Below are records with pictures. Transcribe exactly, and only, the lines from the line with "Цвет СеребряныйЦилиндры 6Привод" to the line with "Mar 26, 2022", both ends included, but not the pictures.

[Available data]
════════════════

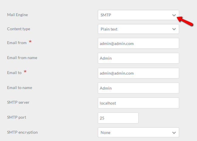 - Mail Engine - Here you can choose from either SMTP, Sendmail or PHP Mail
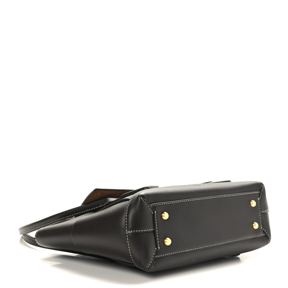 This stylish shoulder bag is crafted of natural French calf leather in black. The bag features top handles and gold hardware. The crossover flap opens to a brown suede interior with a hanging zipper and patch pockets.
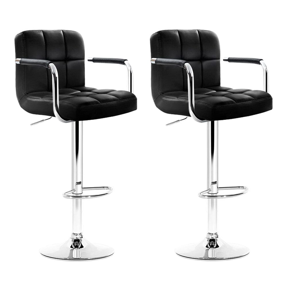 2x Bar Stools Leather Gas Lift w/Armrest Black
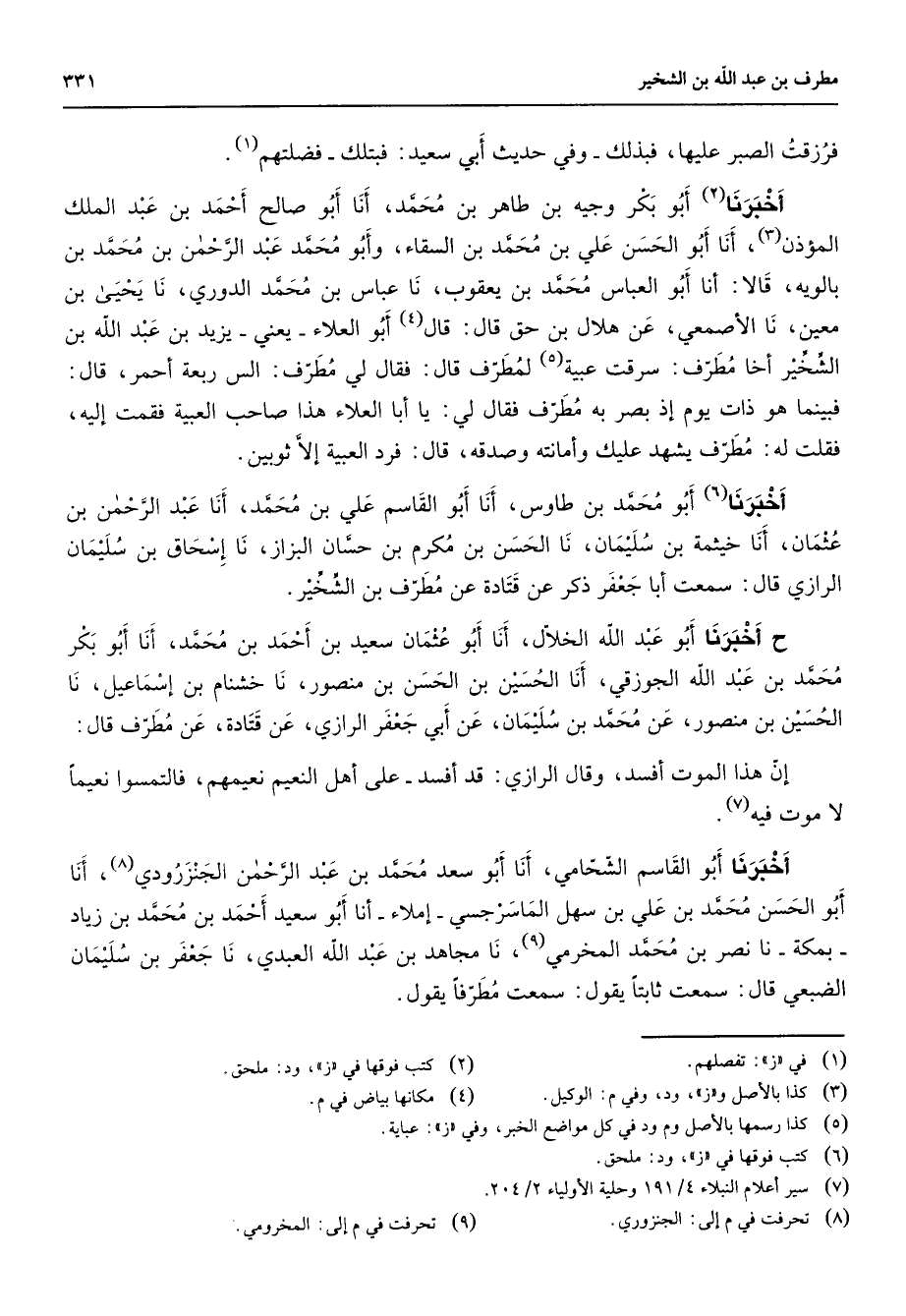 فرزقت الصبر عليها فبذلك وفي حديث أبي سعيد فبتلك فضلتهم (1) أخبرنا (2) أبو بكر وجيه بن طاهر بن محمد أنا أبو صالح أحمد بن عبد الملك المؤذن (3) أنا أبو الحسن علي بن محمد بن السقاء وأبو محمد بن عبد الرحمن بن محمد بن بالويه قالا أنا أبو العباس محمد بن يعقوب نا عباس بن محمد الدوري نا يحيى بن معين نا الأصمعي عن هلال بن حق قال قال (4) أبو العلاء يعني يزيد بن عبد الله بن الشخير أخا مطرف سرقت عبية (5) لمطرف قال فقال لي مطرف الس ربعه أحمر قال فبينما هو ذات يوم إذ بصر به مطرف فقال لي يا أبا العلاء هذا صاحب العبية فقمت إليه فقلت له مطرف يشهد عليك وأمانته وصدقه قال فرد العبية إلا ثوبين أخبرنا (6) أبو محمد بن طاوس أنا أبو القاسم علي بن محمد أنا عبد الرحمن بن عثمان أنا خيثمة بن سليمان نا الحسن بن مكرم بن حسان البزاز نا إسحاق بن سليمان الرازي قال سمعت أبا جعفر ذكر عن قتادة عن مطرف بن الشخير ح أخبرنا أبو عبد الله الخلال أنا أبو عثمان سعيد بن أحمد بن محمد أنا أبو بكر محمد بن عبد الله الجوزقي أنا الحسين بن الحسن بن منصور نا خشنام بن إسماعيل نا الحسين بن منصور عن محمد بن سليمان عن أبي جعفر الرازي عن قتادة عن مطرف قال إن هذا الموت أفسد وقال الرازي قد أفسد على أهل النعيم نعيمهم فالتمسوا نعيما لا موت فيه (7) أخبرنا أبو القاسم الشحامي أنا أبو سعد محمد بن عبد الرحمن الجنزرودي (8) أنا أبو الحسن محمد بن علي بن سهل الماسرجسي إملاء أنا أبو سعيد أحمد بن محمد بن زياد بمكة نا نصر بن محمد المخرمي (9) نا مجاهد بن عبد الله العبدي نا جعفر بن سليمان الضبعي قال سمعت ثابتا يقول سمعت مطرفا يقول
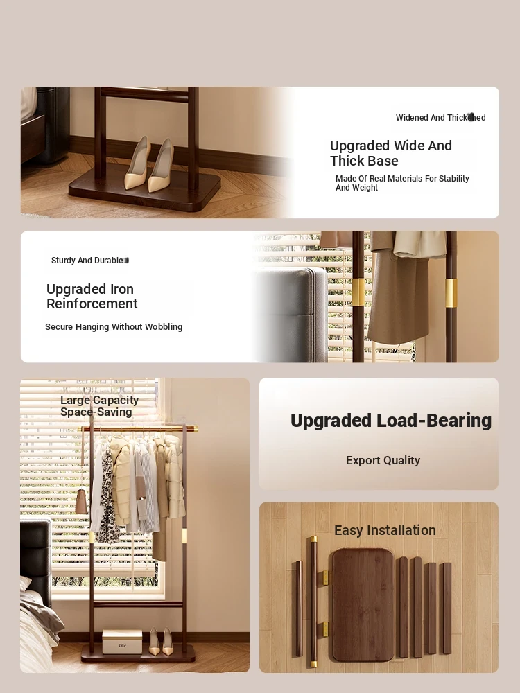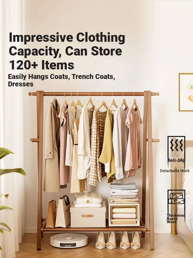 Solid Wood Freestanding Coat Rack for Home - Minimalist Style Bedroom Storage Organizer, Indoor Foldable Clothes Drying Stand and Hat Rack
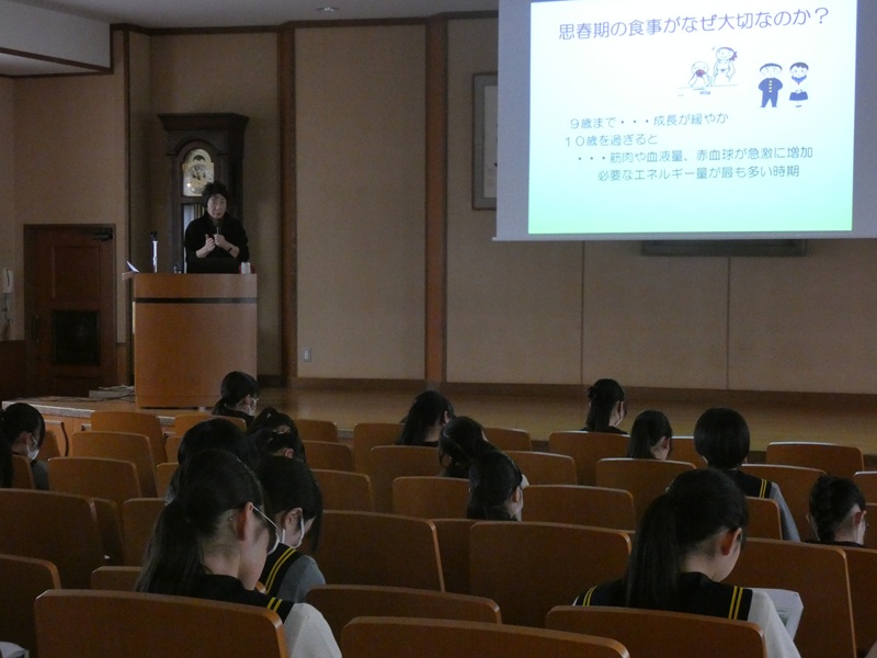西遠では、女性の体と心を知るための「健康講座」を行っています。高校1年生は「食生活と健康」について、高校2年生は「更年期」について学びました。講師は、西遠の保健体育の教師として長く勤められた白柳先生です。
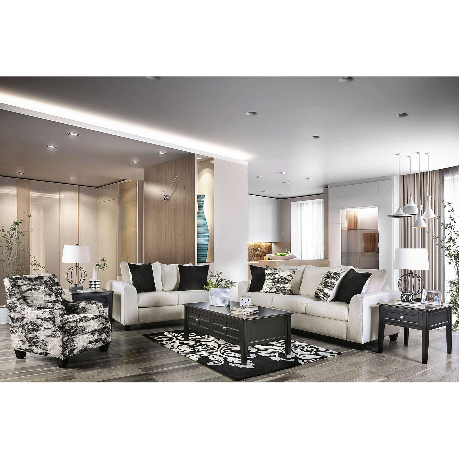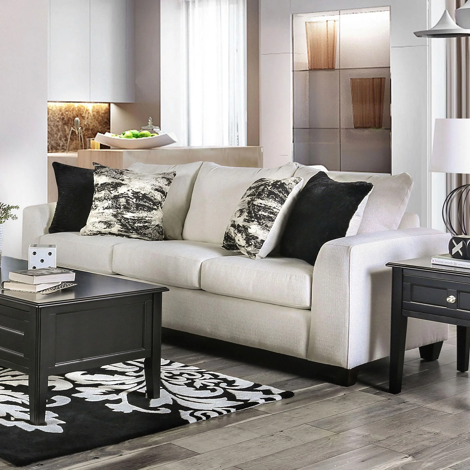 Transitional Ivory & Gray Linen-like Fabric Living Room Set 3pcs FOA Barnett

════════════════

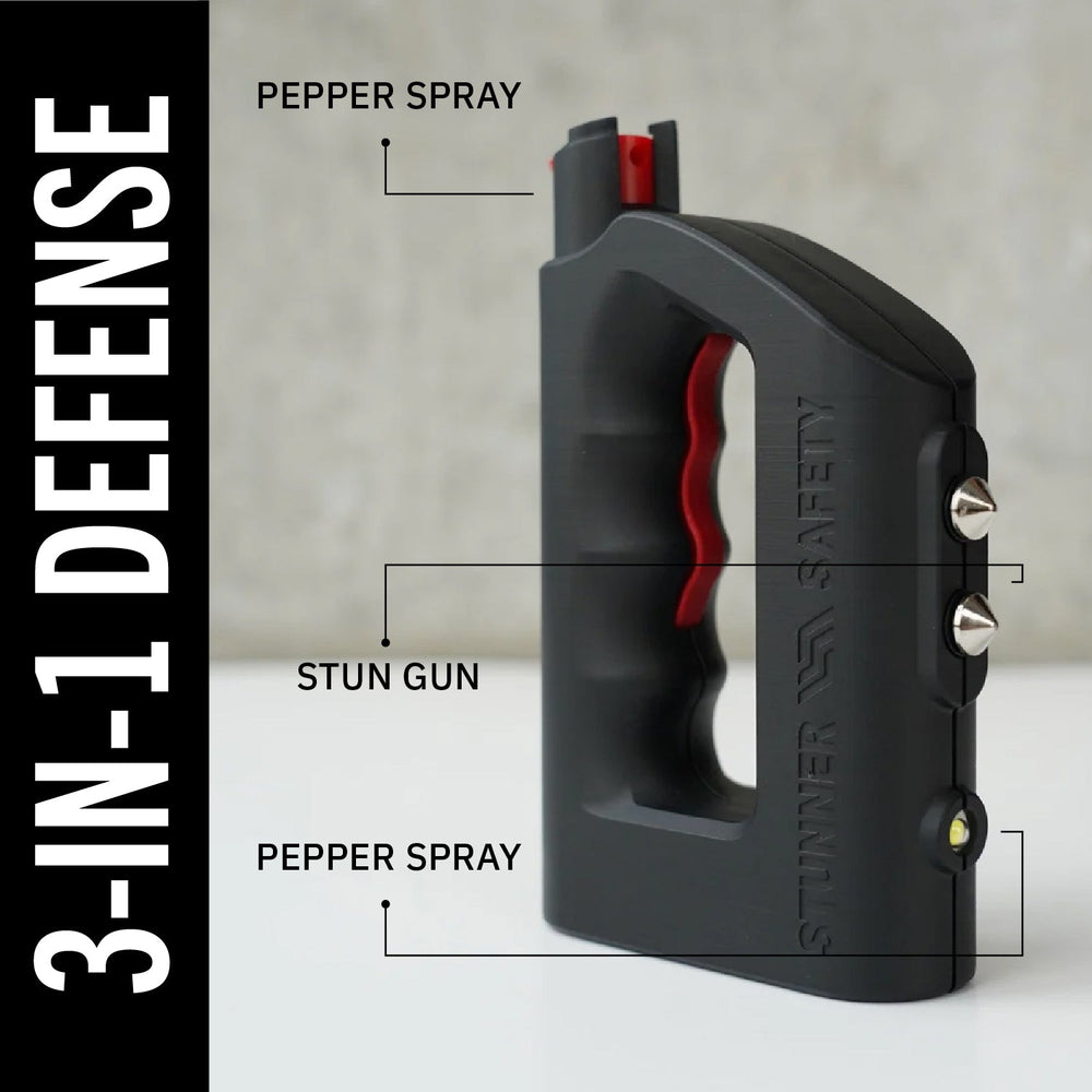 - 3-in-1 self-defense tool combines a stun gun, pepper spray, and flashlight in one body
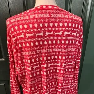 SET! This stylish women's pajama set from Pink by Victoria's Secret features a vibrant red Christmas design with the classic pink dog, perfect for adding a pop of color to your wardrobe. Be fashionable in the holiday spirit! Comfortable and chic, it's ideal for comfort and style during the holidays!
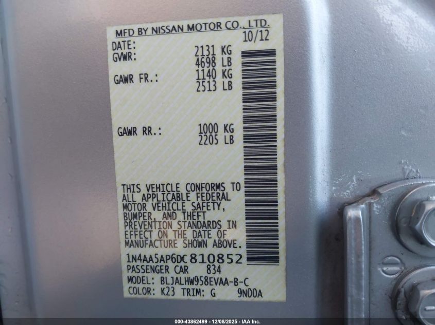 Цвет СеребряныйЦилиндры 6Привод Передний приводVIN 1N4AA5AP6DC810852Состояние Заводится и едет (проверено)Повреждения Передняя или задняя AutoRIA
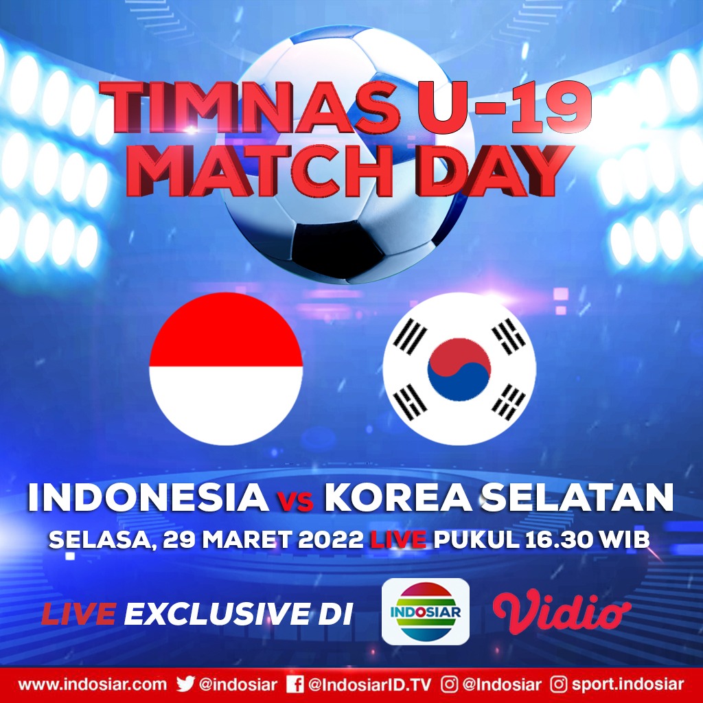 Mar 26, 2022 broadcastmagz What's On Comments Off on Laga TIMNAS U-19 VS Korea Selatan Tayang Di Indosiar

════════════════

[Finished exercise]
 Цвет СеребряныйЦилиндры 6Привод Передний приводVIN 1N4AA5AP6DC810852Состояние Заводится и едет (проверено)Повреждения Передняя или задняя AutoRIA
 Mar 26, 2022 broadcastmagz What's On Comments Off on Laga TIMNAS U-19 VS Korea Selatan Tayang Di Indosiar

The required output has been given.